Friday, November 7, 2008

Bishkek Day Two

My bathroom smelled worse today than yesterday, which is pretty impressive. So I just ran away from it to eat the free breakfast of the hotel/lodge. The breakfast entailed beet salad, salad olvie (potato salad- the same one Russians and Iranians make), rice, yellow and white, and hard boiled eggs. I just couldn't stomach the spread after the bathroom smell so I had a bit of beet salad and ran away into the city. It felt good to be outside, there was some sunshine and the air was crisp, though the smell of things burning was ever present. Like everywhere, here people get rid of trash by burning it.

I sat in an internet cafe to look for a new hotel, at which I was unsuccessful but during that time I heard something familiar. Iranian farsi...I looked around. A girl at the cafe was speaking on her mobile. "They are everywhere" I thought to myself. I considered speaking to her but didn't. I imagined the conversation "hi you are iranian?
"yup"
"me too"
"cool."
"cool."
"bye."
"bye."

I left in search of the National History Museum, my colleague told me there was a whole floor on Lenin. As I walked I asked a man for the street I was looking for "Chui?"
"Yes Chui"
I was excited, he knew how to speak english. I asked for the museum and a cafe I was looking for. He walked with and showed me where to go. I sort of wanted to bring him with me, to translate, to explain, to guide. We said goodbye. He was kind.

The museum was a big block in the sky. It was huge with nothing around it, no trees, no stairs, just a immense square building with a little door. Lenin was not just on the second floor, Lenin was everywhere. They must have had 200 pictures of him and many of his letters in his handwriting. There were pictures of him with his politburo officials. Then there were these huge bronze murals. The murals either portrayed women, old men, children and strong young men, Russians and Kyrgyz standing unified looking out on to the horizon. Then there were murals of men and women working hard labor, things like welding, building, farming, industrial things.
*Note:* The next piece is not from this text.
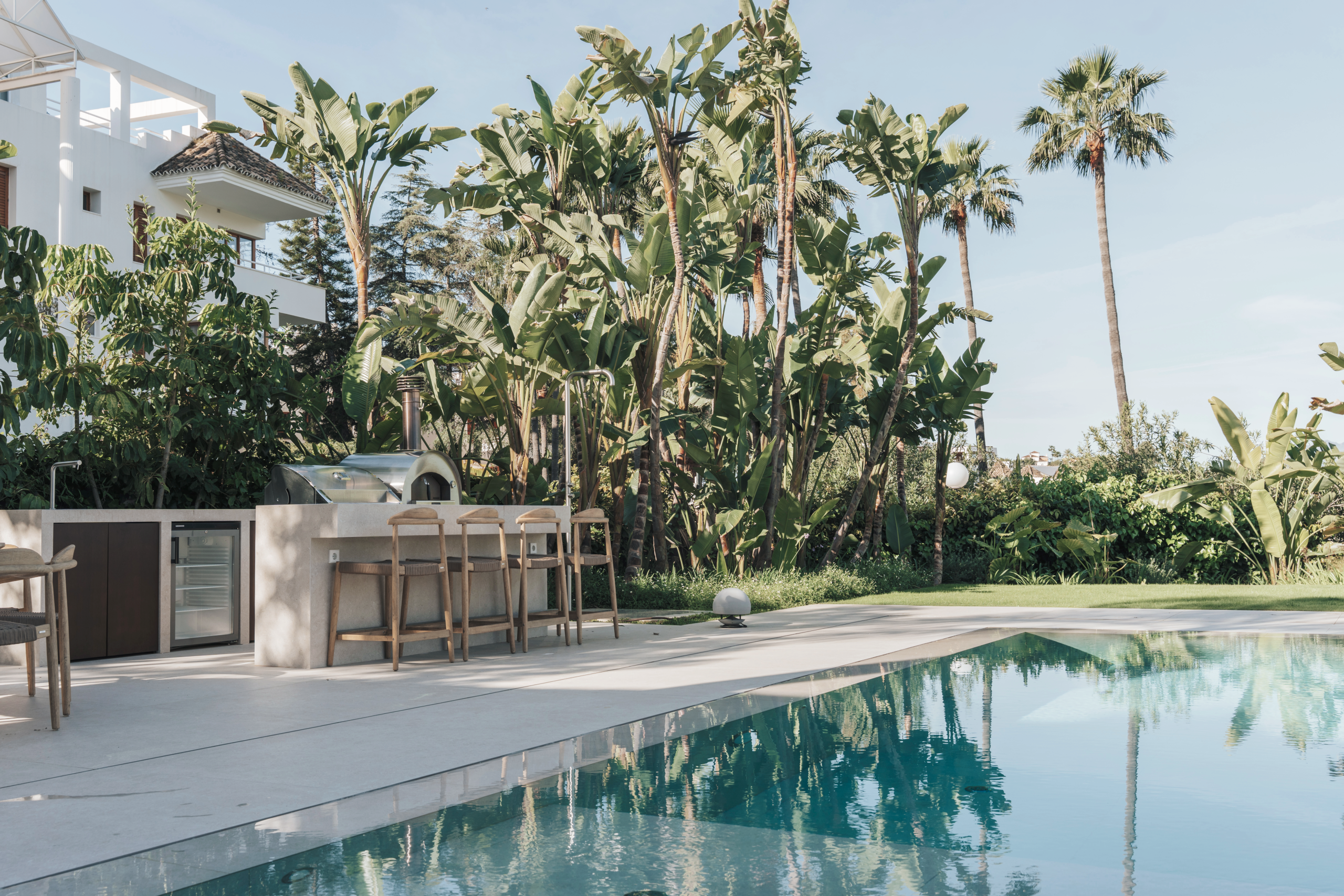 Cocinas al aire libreLa barbacoa se trata quizás de un elemento más familiar para la mayoría, pero también varía mucho en tamaño, forma y coste. Pueden venir en forma de acero, aluminio, en cuyo caso a menudo son móviles o se pueden instalar en cocinas modernas al aire libre, o construidas. Hoy la gama de funcionalidades disponibles hace que estas increíbles máquinas sean maravillas gastronómicas al aire libre. De hecho, si cuentas con una buena barbacoa y una zona de estancia con una acogedora hoguera al aire libre, es posible que no pises las zonas interiores de la casa durante el largo verano de Marbella. Ponte en contacto  con nosotros para obtener consejos de expertos e ideas creativas sobre cómo incorporar estas y muchas más ideas fantásticas para hacer de tu jardín el mejor espacio de estilo de vida en Marbella.

Then there were war murals some lied dead while others looked like they were trudging on to victory always looking out above the observer. The emotion and detail was very propagandist, I felt like I was supposed to be believing a story but I couldn't really buy it, maybe because it was over and it was now just part of this museum. I guess it had the same immensity in meaning as maybe an Obama statue would have today...

Alongside the murals were maps showing the gradual increase of territory of the Soviet Union. And of course more Lenin. The pictures of him and his advisers looked more like a bunch of eccentric intellectuals and academics rather than scary Russian Soviets ideologues like in the pictures of Stalin's time.

I had lunch at Fatboy cafe the only english language menu I could find. Sitting behind me was an old English man and a Kyrgyz woman who barely spoke english and an Australian man and a Kyrgyz woman who didn't speak.

I then walked to the big shopping center. At one of the crafts stores a Kyrgyz woman that spoke English well asked me if I was happy about Obama. I said yes. She said "Bush kill people. Will Obama kill people?" Man that was a blunt way to talk about it.

I asked her how she felt about the US president. She said she didn't care because they have peace in Kyrgyzstan. Wow.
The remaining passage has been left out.